- Location: 1031 Bienveneda Ave Pacific Palisades, Los Angeles, California, U.S.
- Denomination: Episcopal
- Website: stmatthews.com stmatthewschool.com

Architecture
- Architect(s): Frederick Earl Emmons (first church) Moore Ruble Yudell (second church)
- Completed: 1983

Administration
- Diocese: Episcopal Diocese of Los Angeles

Clergy
- Rector: Rev. Bruce A. Freeman, Rev. KC Robertson, Rev. Stephen Smith

= St. Matthew's Episcopal Church and School (Pacific Palisades, California) =

Episcopal church and school in Pacific Palisades, California

The Parish of Saint Matthew is an Episcopal church and lower school in Pacific Palisades, Los Angeles. The original church was destroyed during the 1978 Agoura-Malibu firestorm. It was rebuilt in 1983. On January 8, 2025, the church was damaged and several school buildings were destroyed in the Palisades Fire.

== History ==
St. Matthew's Parish was founded in 1941. The first church was built by the architect Frederick Earl Emmons.
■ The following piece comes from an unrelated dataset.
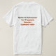 t-shirt do algodão do branco de 100% com as capas curtas, disponíveis nos tamanhos até 4X. A linha logotipo de NAPW na parte dianteira no marrom e "advogados nacionais para as mulheres gravidas" escritas na rotulação marrom na parte traseira.
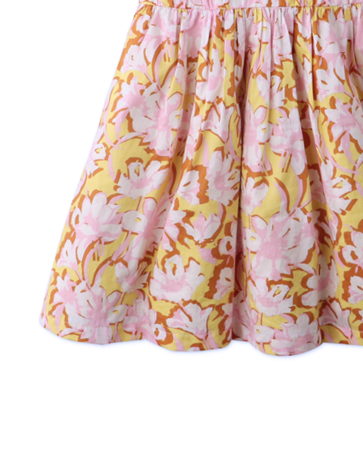 GIRLS FLORAL RUCHED NECK DRESS WITH BUBBLE SLEEVES

On May 2, 1949, an Episcopal preschool on Swarthmore Avenue was opened for twenty-four children. The parish moved to a 28-acre lot on Bienveneda Avenue at the Garland Ranch in 1953 and an elementary school was added with over two-hundred students. The original church building was destroyed by the 1978 Agoura-Malibu firestorm. The congregation hired the architectural firm Moore Ruble Yudell to build a new church building, which was completed in 1983.

The congregation is part of the Episcopal Diocese of Los Angeles.

The funerals for actors Charlton Heston and Edward Andrews were held at St. Matthew's.

On January 8, 2025 the church was damaged and the school was destroyed by the Palisades Fire. The church and school were evacuated the day before the fire reached the parish.

On October 19, 2025 the parish would reopen for Sunday services.